Erythropoietin (Epo) is a glycoprotein cytokine secreted by the kidney in response to cellular hypoxia. It stimulates the production of red blood cells from the bone marrow. Apart from being an antioxidant, it also has anti-apoptotic and anti-inflammatory actions. Elevated Epo levels were demonstrated in children with NE compared to controls, especially in response to LPS. Significantly high levels of Epo have been demonstrated in infants with increased severity of NE and who underwent TH at day 2-4 of life. NE grade II/III and death were associated with elevated Epo levels on Day 3 of life (2, 18). High levels of serum Epo may represent markers of severity of encephalopathy and brain injury, this theory can be supported by previous studies reported in preterm infants.(26)
TNF-α is a proinflammatory cytokine which plays a critical role in the local inflammatory response and in initiation of the cytokine cascade (27). TNF-α is an important cytokine involved in sepsis and inflammation and is a potential marker in the diagnosis of early and late onset neonatal sepsis. Increased serum level of TNF-α has been reported to be associated with mortality and abnormal neuroimaging in neonates with NE (18). In our study we demonstrated significantly increased TNF-α in response to LPS in school age children in the NE and the control groups.
We have shown in our study that school age children with NE demonstrated vigorous systemic innate immune response compared to children with normal development. Periventricular leukomalacia (PVL) or related inflammation events or both during the perinatal and postnatal period may have a programming effect, causing altered inflammatory responses in preterm children with CP (28). In their study they demonstrated that preterm school-age children with periventricular leukomalacia (PVL) induced (CP) had significantly higher levels of tumour necrosis factor (TNFα) and elevated TLR4 mRNA in peripheral blood mononuclear cells (PBMC’s), in comparison to preterm term school-age control group children.
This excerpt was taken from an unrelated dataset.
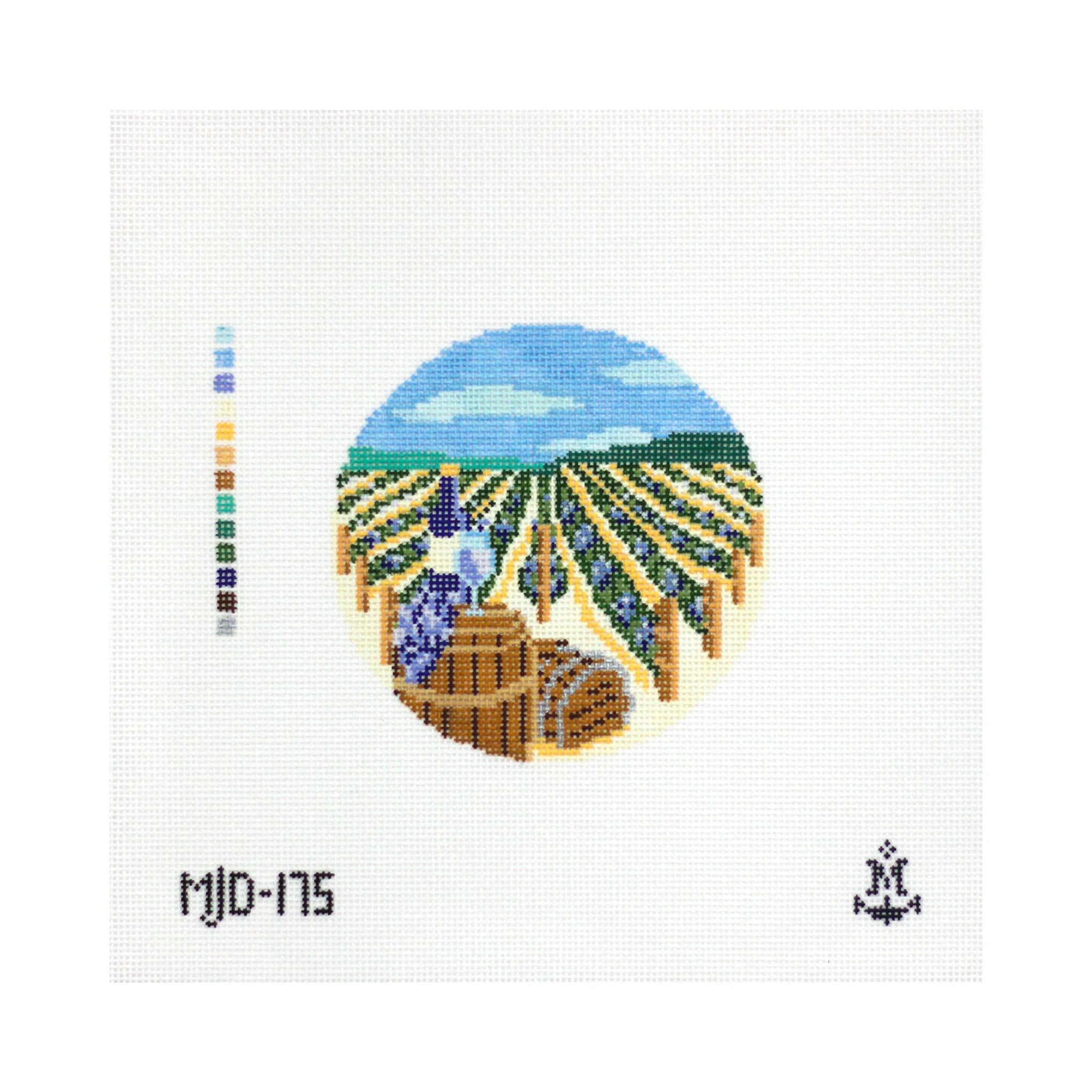 This hand painted needlepoint canvas by Morgan Julia features a scene from a winery with rows of vines.

Lipopolysaccharide (LPS) when introduced in vitro in healthy individuals not only induces the cascade of inflammatory pathways (29) but also initiates a transient refractory state, referred to as LPS hypo-responsiveness or LPS tolerance (30). This LPS tolerance state is associated with decreased capacity of whole blood and peripheral mononuclear cells to produce proinflammatory cytokines in response to LPS stimulation. Decreased levels of proinflammatory cytokines IL-6 and TNF-α in the serum and in the peripheral mononuclear cells (PBMC) supernatant are found in response to LPS stimulation in critically ill patients in ICU in comparison to healthy individuals (31). Similar results were seen in our study, the level of TNF-α rose with LPS stimulation to a lesser degree than in children with NE compared to age-matched controls. In addition, LPS hypo responsiveness was found in children with NE in cytokines IL-6 and TNF-β. Similarly, children in the TH group demonstrated decreased response to LPS in cytokines IL-6, IL-8, IL- 1α, Il-1β, TNF-α and VEGF, which correlated with severity of NE.
There are very few studies in the literature demonstrating the above finding in school age children with NE, we do find studies done in the neonatal period but not at school age. However further research studies and large randomised control trials are required to validate these findings.